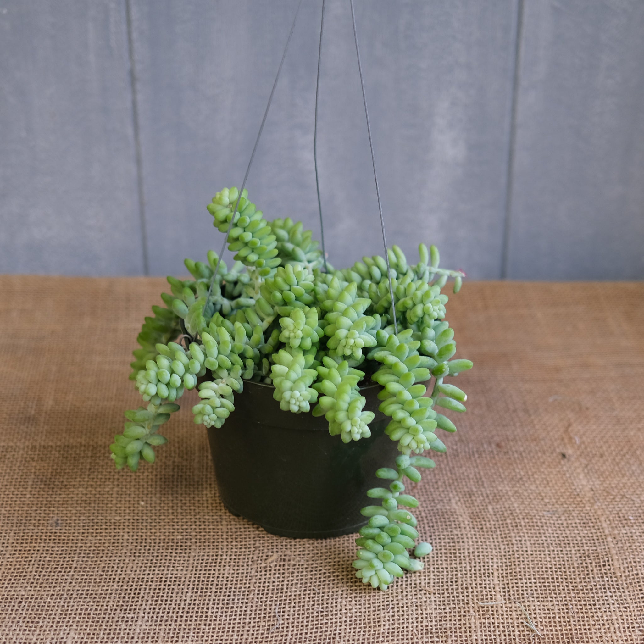 A trailing succulent sure to add interest and texture to any space. Hang it with the provided wire and hook or let its tendrils wind their way over counters and shelves.
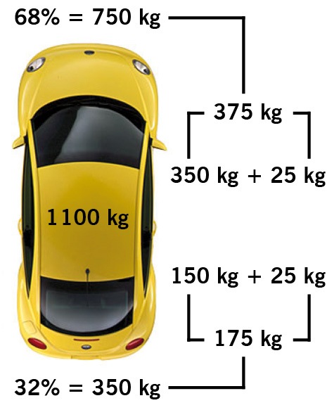 Konstruowanie wszelkich zawieszeń specjalnych poprzedzone być musi przyjęciem określonych założeń technicznych charakteryzujących właściwości modyfikowanego pojazdu. Przyjmijmy zatem, iż tworzymy sportowe zawieszenie do samochodu z napędem na przednie koła, którego masa wynosi około 1 100 kg, z czego 68% przypada na oś przednią, a 32% na tylną i jest równomiernie rozłożona na prawą i lewą stronę. Masy nieresorowane (opona, obręcz koła, piasta koła, tarcza hamulca i szczęka hamulcowa, korpus amortyzatora, itp.) to około 25 kg na jedno koło, a masa resorowana przypadająca na każde koło przednie wynosi około 350 kg, na tylne zaś – 150 kg (rys. 1). Zawieszenie przednie jest tradycyjnego typu McPherson, a więc koło, amortyzator i podkładka elastyczna mają to samo ramię dźwigni (1:1), tzn. będą zawsze wykonywały ten sam skok z taką samą prędkością (rys. 2).
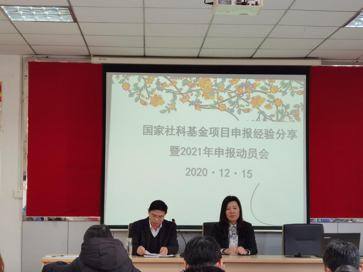 任慧颖副处长向大家介绍了我校国家社科基金申请的基本情况以及国家社科基金的评审流程,并希望大家能够继续努力,争取在2021年取得更好的成绩。
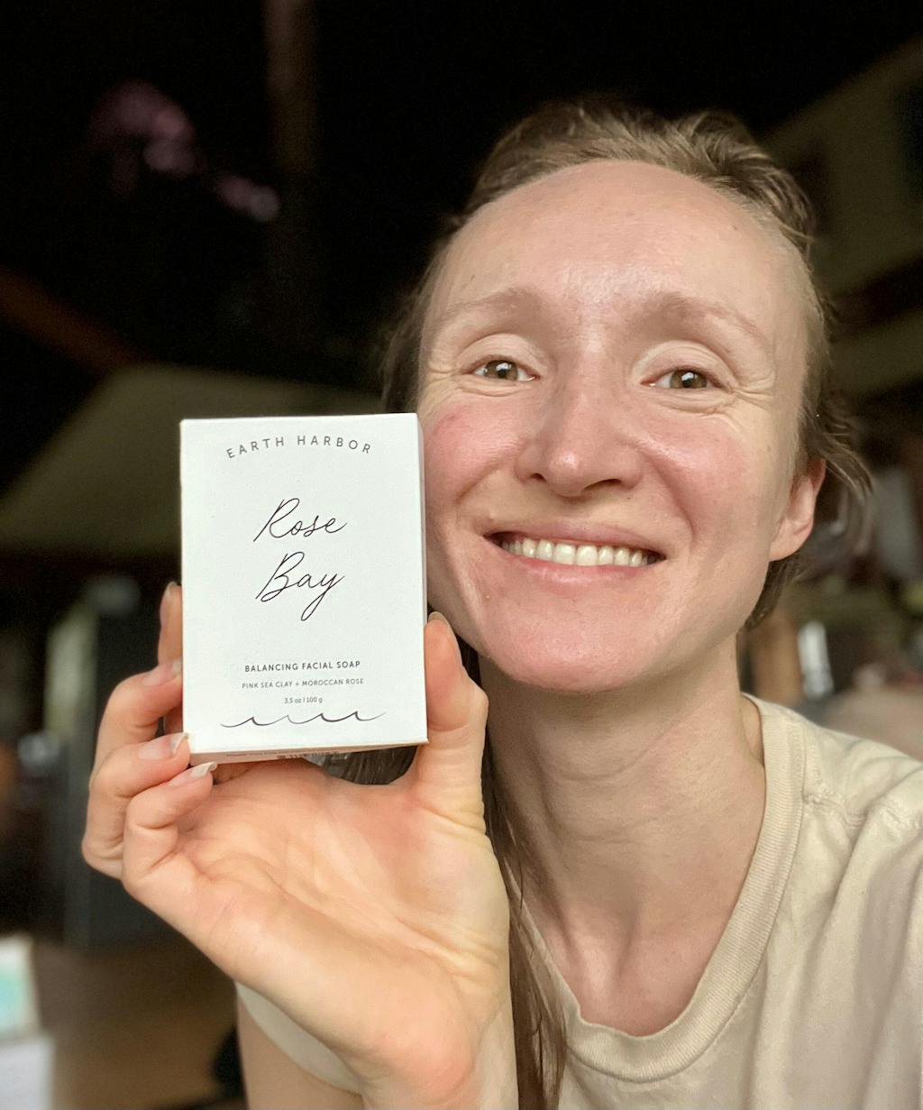 - Made with Moroccan rose extract, coconut oil, rose geranium oil, and Australian pink sea clay
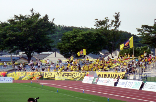 ここもゴール裏ではなくバクスタよりに陣取っておられました。福岡のチームってバクスタでホームゲーム応援がデフォなのかしらん。
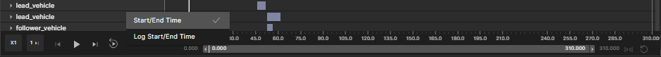 When debugging a run that is part of a split real-world drive, you can view the simulation time in two modes:
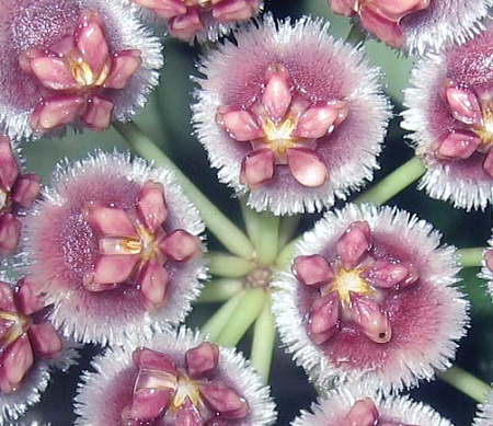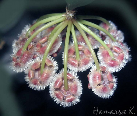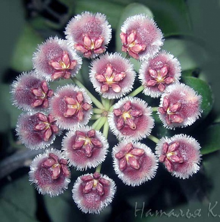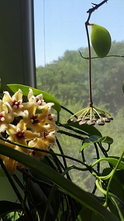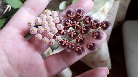 С цветоносами уже год точно сидит, но бутончики совсем махонькие вечно отсушивала и сбрасывала. И, скорее, я этому процессу усиленно помогала, т.к. хойка долгое время неудобно стояла на краю подоконника и вечно норовила оттуда слететь при любых моих манипуляциях. Когда я её переставила в более "безопасное" место и перестала тормошить, снимать/переставлять при поливе и пр., чтобы дотянуться до дальше стоящих, неожиданно распустилась. Как обычно, заметила уже с распушенными цветочками, долго не могла налюбоваться и успокоиться от восторга
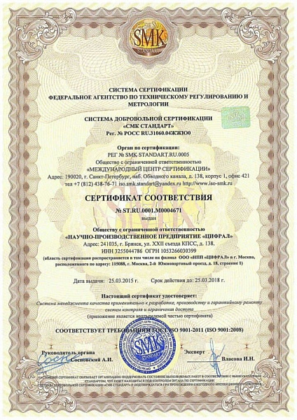 Собственная инженерная и производственная база, расположенная в Российской Федерации, в городе Брянск, современные технологии, система качества, сертифицированная на соответствие требованиям ГОСТ Р ИСО 9001-2011 (ISO 9001:2008) позволяют предприятию "Цифрал" выпускать продукцию, соответствующую современным мировым стандартам, оперативно реагировать на требования клиентов, предлагать принципиально новые разработки, удовлетворяющих их запросам.Компания, использующая цифровые технологии в производстве домофоной продукции не только идет в ногу со временем, но и применительно к российским реалиям, во многом опережает его. Так конструкторское бюро, работает на лицензионной системе трёхмерного автоматизированного проектирования Pro/ENGINEER компании РТС (США). Этот интегрированный программный комплекс (CAD/CAM/CAE) - принципиально новый подход к разработке и подготовке изделия к производству.
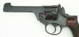 Enfield No.2 MKI .38 S&W caliber revolver. Beautiful Enfield revolver. Gun has the “one star” mark indicating modifications. They are double action only, no hammer spur, and grooved wood thumberest grips. Excellent condition, dated 1941 with 98-99% original matte finish. No import marks. Comes with open top commando style holster with cleaning rod. Very fine outfit.
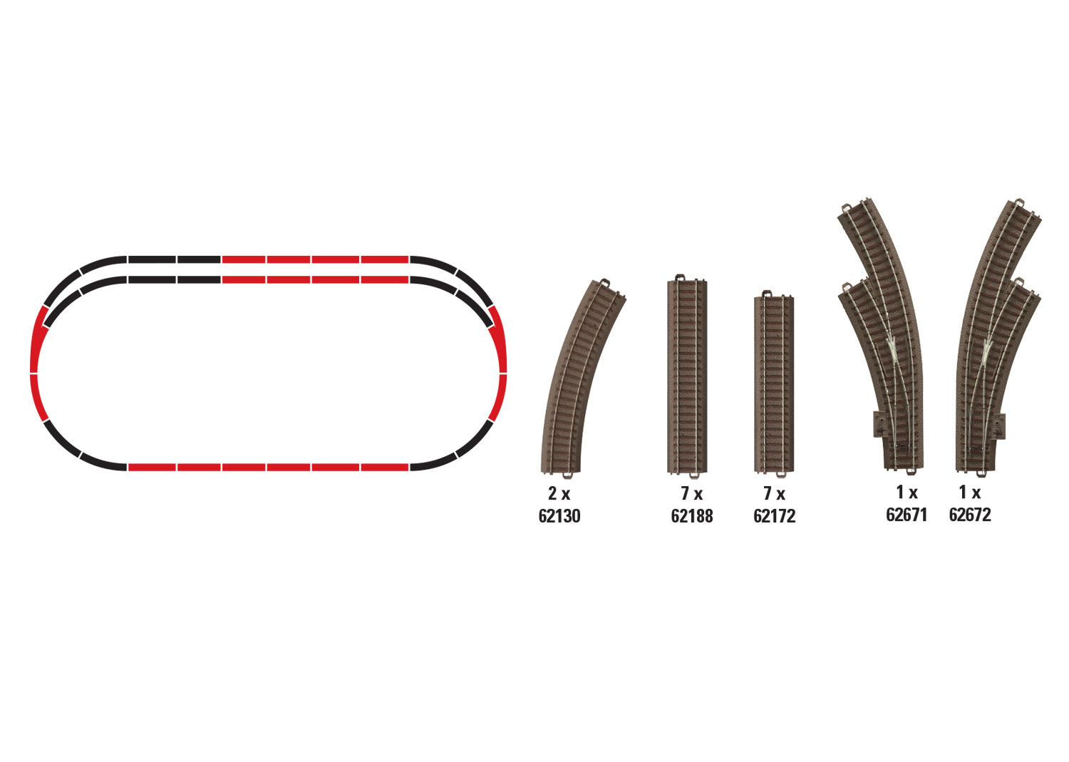 7 gerade Gleise 62188, 7 gerade Gleise 62172, 2 gebogene Gleise 62130, 1 Bogenweiche 62671, 1 Bogenweiche 62672 und Aufbauanleitung.
|---|
> [Exercise description]
With the pictures left out, write out exactly the lines above from the one containing "When debugging a" through the one containing "С цветоносами уже".

> [Exercise response]
 When debugging a run that is part of a split real-world drive, you can view the simulation time in two modes:
 С цветоносами уже год точно сидит, но бутончики совсем махонькие вечно отсушивала и сбрасывала. И, скорее, я этому процессу усиленно помогала, т.к. хойка долгое время неудобно стояла на краю подоконника и вечно норовила оттуда слететь при любых моих манипуляциях. Когда я её переставила в более "безопасное" место и перестала тормошить, снимать/переставлять при поливе и пр., чтобы дотянуться до дальше стоящих, неожиданно распустилась. Как обычно, заметила уже с распушенными цветочками, долго не могла налюбоваться и успокоиться от восторга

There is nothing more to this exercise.